Obligation to appoint a fiscal representative – UK established companies with existing VAT registrations in some EU Member States

EU states have the right to insist that non-EU taxpayers that are VAT registered in their jurisdiction to appoint a local entity to be jointly and severally liable for their tax debts. From 1 January 2021 UK businesses VAT registered in the EU will fall into this regime. Unfortunately, because this involves the local representative taking on board a significant risk, it usually comes at a cost. One can think of it as a type of insurance premium, except it’s the government’s risk that is being insured! Not all EU states enforce this provision, but among the key ones that do are Belgium, France, Italy, Poland, Spain and Sweden. UK companies registered or registering there will have to bear this obligation in mind and find a fiscal representative prior to this year end.

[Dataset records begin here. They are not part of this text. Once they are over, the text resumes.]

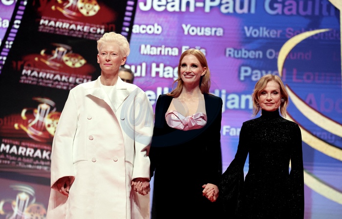 Tilda Swinton, Jessica Chastain, Isabelle Huppert à la soirée d'anniversaire pour les 20 ans du Festival International du Film de Marrakech, Maroc, le 25 novembre 2023. © Dominique Jacovides/Bestimage Celebs attending the ceremony for the 20th annual Marrakech International Film Festival on November 25, 2023 in Marrakech, Morocco.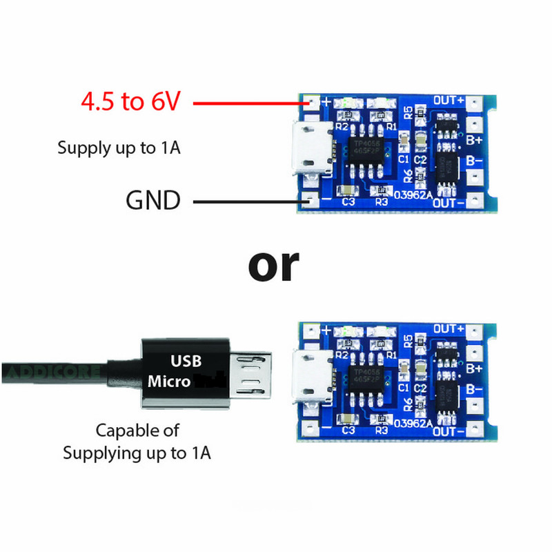 ماژول شارژر باتری لیتیومی TC4056/TP4056 یک ماژول کاربردی برای شارژ و دشارژ باتری های لیتیومی است . بوسیله این ماژول میتوان یک باتری تک سلول لیتیومی 3.7 ولت مانند 18650 که مدار محافظ داخلی ندارد را و با حفاظت کامل شارژ کرد و همچنین دشارژ باتری را نیز کنترل کرد . یک باتری لیتیومی باید به گونه ای شارژ شود که با رسیدن ولتاژ به 4.2 ولت جریان شارژ قطع شود همچنین دشارژ آن باید به گونه ای باشد که که با رسیدن ولتاژ باتری به 2.4 ولت دیگر باتری دشارژ نشود . در غیر این صورت عمر باتری کم شده و باتری آسیب میبیند . در طراحی این ماژول از آی سی شارژ TC4056 و یا TP4056 و آی سی حفاظت DW01 استفاده شده که باعث میشود باتری لیتیومی با حفاظت کامل و بدون خطر شارژ و دشارژ شود . به این صورت که آی سی DW01 جریان شارژ را توسط ماسفت 8205A بر روی یک آمپر تنظیم می کند و بعد از شارژ کامل یعنی رسیدن ولتاژ باتری به 4.2 ولت عملیات شارژ را قطع می کند. همچنین در زمان دشارژ باتری با رسیدن ولتاژ باتری به 2.4 ولت جریان بار توسط آی سی DW01 قطع میشود تا ولتاژ باتری به کمتر از 2.4 ولت نرسد . در صورتی که ولتاژ باتری وصل شده به ماژول کمتر از 2.9 ولت باشد ماژول شارژ را با جریانی در حدود 130 میلی آمپر آغاز تا زمانی که ولتاژ باتری به 2.9 ولت برسد سپس جریان شارژ به صورت خطی افزایش می یابد . برای استفاده از این ماژول در ابتدا تغذیه 5 ولت ماژول را تامین کنید ، این کار از دو طریق امکان پذیر است ، یا از طریق پورت میکرو USB TYPE C اندرویدی روی ماژول و یا از طریق دو پد دو طرف پورت که با مثبت و منفی مشخص شده اند . منبع تغذیه باید به گونه ای انتخاب شود که حداقل بتواند یک آمپر خروجی داشته باشد . مثبت و منفی باتری را با دقت به دو پدی که با B+ و B- مشخص شده اند متصل کنید . (دقت شود که به درستی متصل شود در غیر این صورت ماژول آسیب میبیند) مصرف کننده ( اسباب بازی ، لامپ و .. ) باید به دو پد OUT+ و OUT- وصل شود و اگر مصرف کنند مستقیم به باتری وصل شود حفاظت در برابر دشارژ بیش از حد انجام نمی شود . لازم به ذکر است که در زمان شارژ باتری نباید مصرف کننده به ماژول متصل شود در زمان شارژ ال ای دی قرمز رنگ روشن می شود و هنگام شارژ کامل ال ای دی سبز روشن می شود .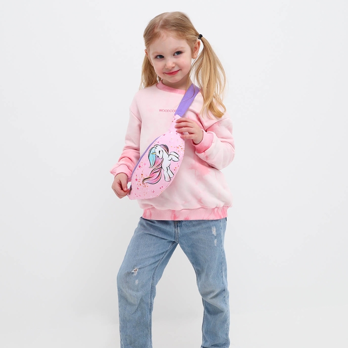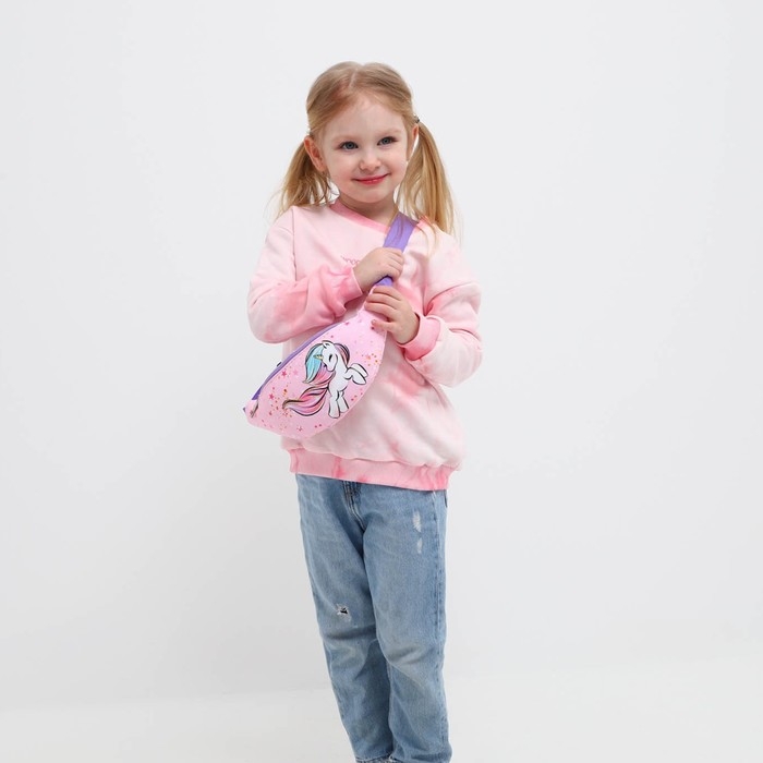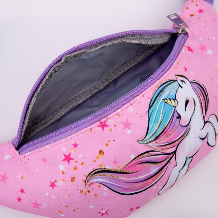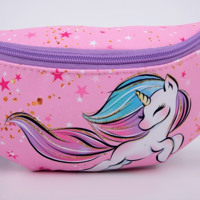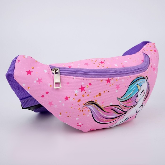 Сумка детская для девочки поясная "Единорог",на молнии, наружный карман, цвет розовый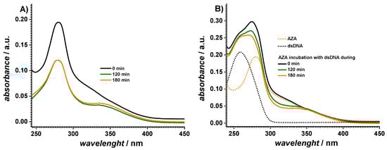 The UV spectra of the AZA-dsDNA samples were recorded after different times of exposure to the SS, as shown in Figure 2B. The spectra at a 0 min incubation time showed both the DNA and AZA absorption bands, although a blue shift (approx. 3 nm) was observed for the AZA band, proving that an interaction between the dsDNA and AZA occurred through the imidazole moiety. With increasing the exposure time to the SS, a continuous decrease in the absorbance of AZA at 277 nm occurred accompanied by the appearance of a band at 334 nm due to the cleavage of AZA. Nonetheless, the DNA absorption band practically maintained the same absorbance value and position, as shown in Table 1.

Obligation to register for VAT in EU Member States

As of 1 January 2021 the UK will no longer be part of the EU Single Market. This means not only that controls will be placed on the movement of goods between Great Britain and the EU but also that certain cross-border transactions will need to be accounted for and reported for VAT purposes in a different way, as a result of which in many cases creating an obligation for the UK sellers to register for VAT in the EU countries, into which the goods will be delivered to.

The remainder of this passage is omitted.